En découvrant ce jeune homme pris dans une relation compliquée entre deux femmes, Micha LESCOT s’est enthousiasmé pour le personnage. “C’est un grand échalas, il a un peu réussi dans la communication et la publicité. Un type plutôt solitaire, cependant. Régulièrement, il appelle sur son téléphone portable, mais jamais on ne lui répond”, explique Éric VIGNER. De retour dans la maison familiale pour l’incinération de sa grand-mère, il va bientôt être happé par un passé qu’il aurait pourtant préféré oublier.

“On sent que cette maison maternelle où il revient, comme ça, par obligation est un univers un peu castrateur. À la fin de la première scène, sa mère lui annonce que son ancienne petite copine va venir. C’était son premier amour. Je crois qu’il y a quelque chose de profondément incestueux dans cette pièce. C’est une sorte de comédie, d’humour noir contemporain.On ne peut pas s’empêcher de rire. L’écriture est très simple. C’est une mécanique implacable, rythmée, digne de FEYDEAU. C’est une histoire de fous, une plongée dans l’inconscient.”

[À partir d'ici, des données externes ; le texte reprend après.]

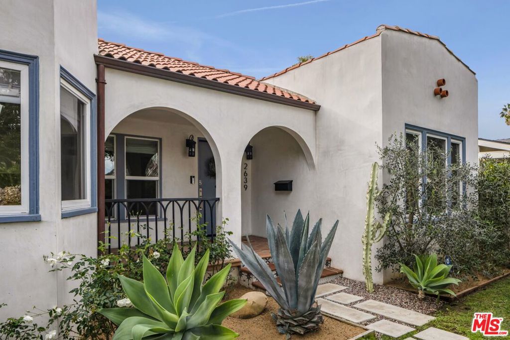 Full of charm and beautifully updated, this Spanish-style home blends classic character with just the right modern touches. Set on a lovely, tree-lined street, the hedged front yard and Saltillo-tiled porch make a warm first impression before you even step inside. Gorgeous wood floors flow seamlessly throughout an easy, open layout that feels both spacious and inviting. The kitchen has been thoughtfully remodeled with white oak cabinetry, honed quartz counters, a farmhouse sink, and a statement range with hood and pot filler, opening naturally to a sunny dining area with bay windows. The living room keeps its timeless Spanish charm with a beautiful barrel ceiling, chic olive-painted fireplace, and large picture windows that fill the space with light. The main house offers three bedrooms and three bathrooms, including a peaceful primary suite with French doors to the yard, a custom walk-in closet, and a spa-like bath with dual vanities, a soaking tub, and an oversized skylit shower. Outside, the private backyard is perfect for relaxing or entertaining. Additionally, the detached, fully permitted 460-square-foot ADU includes its own kitchen, bedroom, and bath ideal for guests, a home office, or extra income. All just minutes from parks, top-rated Clover Avenue Elementary, Westfield Century City, the beach, and some of the Westside’s best shopping and dining, this centrally located home truly offers the best of Westside living. This is one not to miss!

Aux côtés de Micha LESCOT, dans ce huis clos peu banal, on retrouve les comédiennes Claude PERRON et Catherine JACOB. “Elles sont parfaites pour cet espèce d’humour entre deux eaux, souligne Éric VIGNER. J’aime beaucoup ces histoires tragi-comiques où l’on ne sait pas trop sur quel pied danser. Là, on sent bien qu’il y a une écriture, quelque chose de très personnel. Tout est là. Car, finalement, on peut se poser la question : est-ce qu’il y a un art de la mise en scène ou s’agit-il d’une chimère ? Et la réponse, à chaque fois, c’est l’écriture. En tant que metteur en scène, on a une perception très forte de l’instant présent, de ce qui se passe. C’est pour cette raison qu’à un moment, on choisit un type d’écriture, pour témoigner de ça. Car au fond, je pense que l’écriture, c’est quelque chose qui laisse une trace. Alors notre boulot, c’est de faire en sorte que cette trace soit activée.”